Regarding the implementation issues, all computations in this paper have been performed on a 2.9 GHz. Intel Core i7 processor with 8 GB of RAM. The source code has been implemented by the authors in the native programming language of the popular scientific program Matlab, version 2010b for Windows 8 operating system.

6. Conclusions and Future Work

This paper introduces a new method to address the surface parameterization problem, that is, to compute a suitable parameterization of a set of data points in order to construct the free-form parametric surface approximating such data points better in the least-squares sense. This is a challenging problem that appears recurrently in reverse engineering for computer design and manufacturing and in many other industrial fields. Very often, data points in real-world settings are irregularly sampled and subjected to measurement noise, leading to a very difficult nonlinear continuous optimization problem, which cannot be solved by using standard optimization techniques. To overcome this limitation, this paper proposes a new method based on a powerful nature-inspired metaheuristic algorithm called firefly algorithm, introduced recently to solve difficult optimization problems. The method has been successfully applied to solve the parameterization problem for polynomial Bézier surfaces. The paper discusses the main issues in this problem, such as the solution representation and the selection of suitable control parameters. To check the performance of our approach, it has been applied to some illustrative examples of open and closed surfaces, including shapes with singularities. Our results show that the method performs very well, being able to yield the best approximating surface with a high degree of accuracy.

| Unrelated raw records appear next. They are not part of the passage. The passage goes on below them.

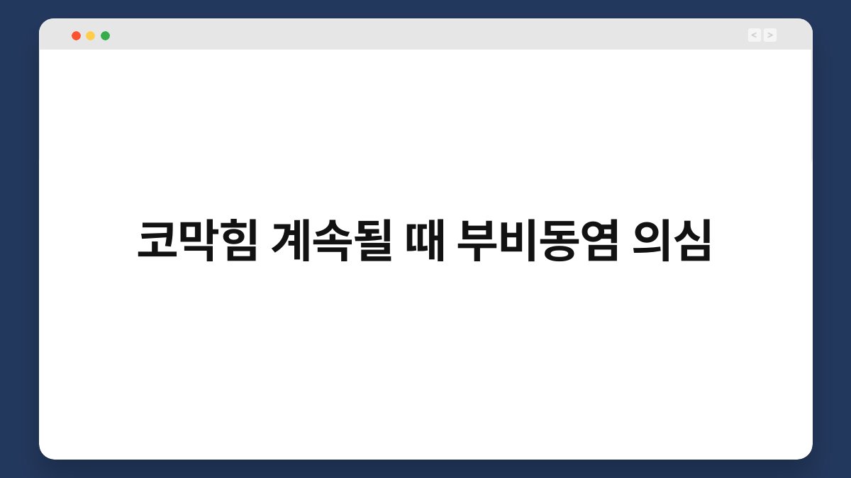 코막힘이 계속되면 정말 불편하죠? 숨쉬기도 힘들고 일상생활에 지장을 주기 마련입니다. 그런데 이 증상이 지속된다면 부비동염을 의심해볼 필요가 있습니다. 부비동염은 코막힘 외에도 다양한 증상을 동반할 수 있어, 정확한 진단과 적절한 치료가 중요합니다. 오늘은 코막힘이 계속될 때 부비동염의 가능성과 대처 방법에 대해 알아보겠습니다. 부비동염이란 무엇인가요? 부비동염은 부비동이라는 코 주변의 공간에 염증이 생기는 질환입니다. 이 공간은 코와 연결되어 … 더 읽기
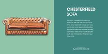 The iconic Chesterfield sofa refers to a davenport style sofa with arms and back of the same height with a lower seat base constructed out of deep buttoned leather. Story says that the term was taken from the commission of this piece of furniture by the fourth earl of Chesterfield, Philip Stanhope (1764-1773).
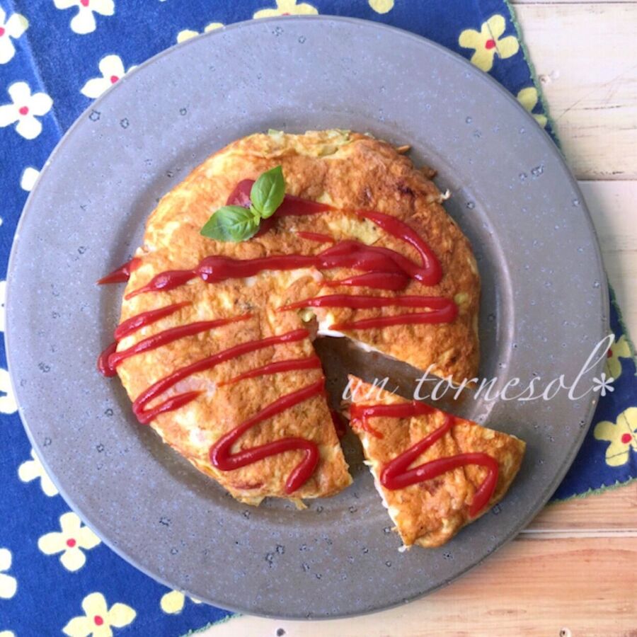 ベーコンの上にキャベツ その上に小エビのあみ その上にワンタンの皮 その上に玉子の目玉焼き Takeshi Nagaki Snapdish スナップディッシュ Id Qz84la
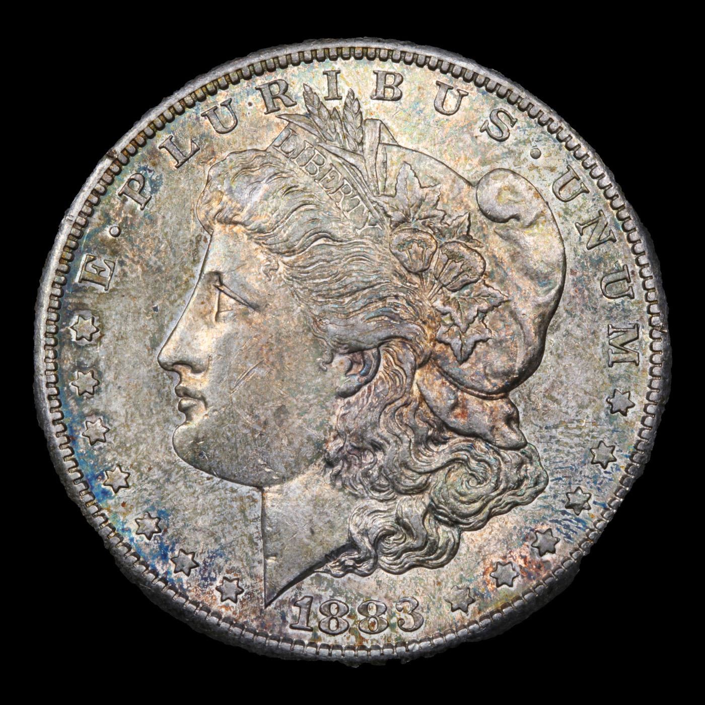 ***Auction Highlight*** 1883/18-s Rainbow Toned Vam 5 Morgan Dollar $1 Grades Select Unc PL. Up for Auction is a dynamite 1883-s, both colorfully toned and Proof Like. The 1883-s is the toughest coin to find in PL, with less than 100 known in PL! Well struck with great detail in the Breast feathers and nice hair above the ear.
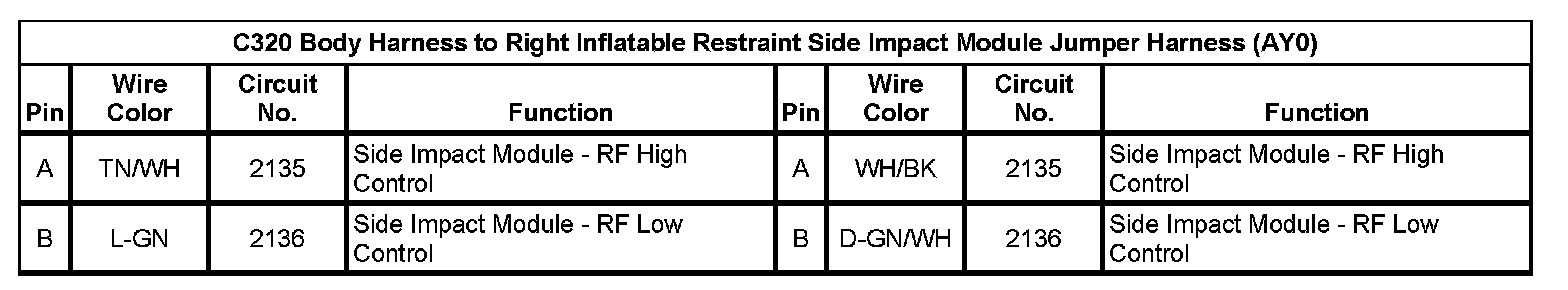 C320 Body Harness to Right Inflatable Restraint Side Impact Module Jumper Harness (AY0)
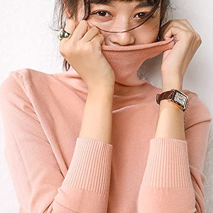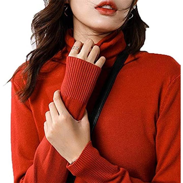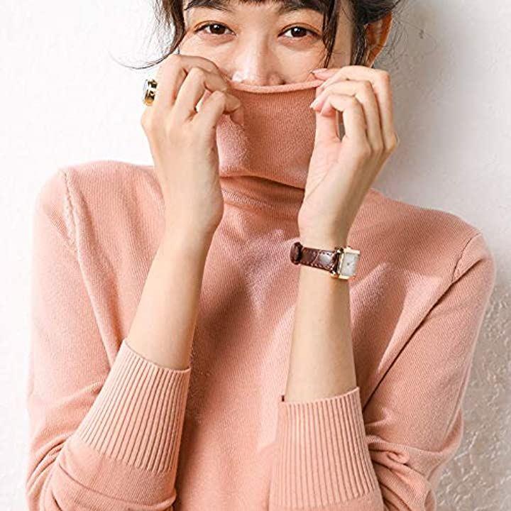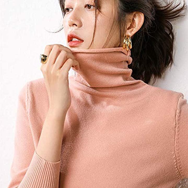 ハイネックストレッチセーターレディース 無地 長袖 ニット
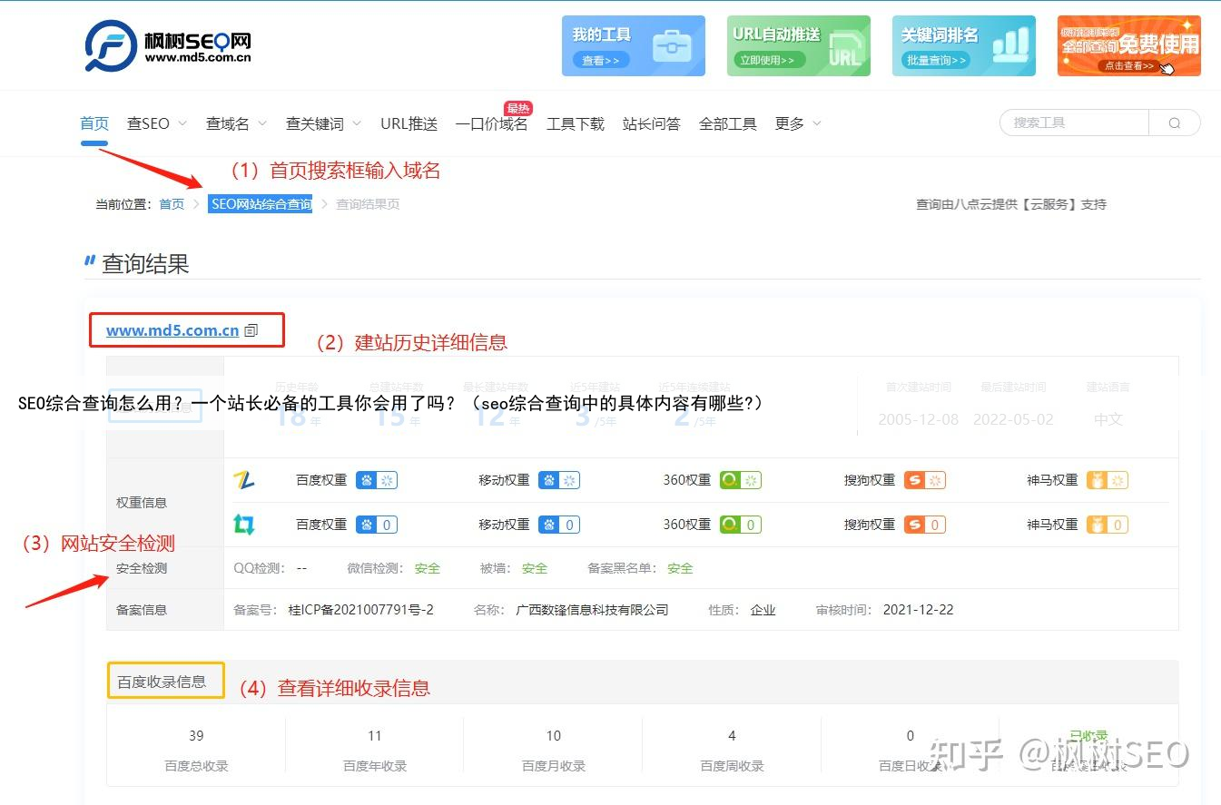 数据分析。下面着重介绍一下seo综合查询工具怎么用:1)工具地址:https://www.md5.com.cn/2)pc端在线查询,打开网页版(更多站长工具在线免费查询)

As mentioned in Section 3, the original firefly algorithm has been improved and modified in many different ways. Some of its variants have shown to be more efficient than the original version, meaning that the presented approach can arguably be improved with new, optimized features for better performance. An illustrative example is given by a very recent version called memetic self-adaptive firefly algorithm [53], whose new capabilities (the use of self-adaptation strategies on the control parameters, a new population model based on elitism, and the hybridization with a local search heuristics) improve the original firefly algorithm significantly. The application of many of these variants to our parameterization problem along with a comparative analysis of their performance is part of our future work. We are also interested to extend this method to other families of surfaces, such as the B-splines and NURBS, where the existence of additional parameters (such as knots and weights) can modify our procedure significantly. The application of this method to some interesting real-world problems in industrial settings is also part of our plans for future work.

Conflict of Interests

The authors of this paper have no current or past, direct or indirect financial relationship with any commercial identity mentioned in this paper that might lead to any conflict of interests. They are solely mentioned here for scientific purposes.

Acknowledgments

This research has been kindly supported by the Computer Science National Program of the Spanish Ministry of Economy and Competitiveness, Project Reference no. TIN2012-30768, Toho University (Funabashi, Japan), and the University of Cantabria (Santander, Spain). The authors are particularly grateful to the Department of Information Science of Toho University for all the facilities given to carry out this research work. Special thanks are due to the Editor and the anonymous reviewers for their useful comments and suggestions that allowed us to improve the final version of this paper.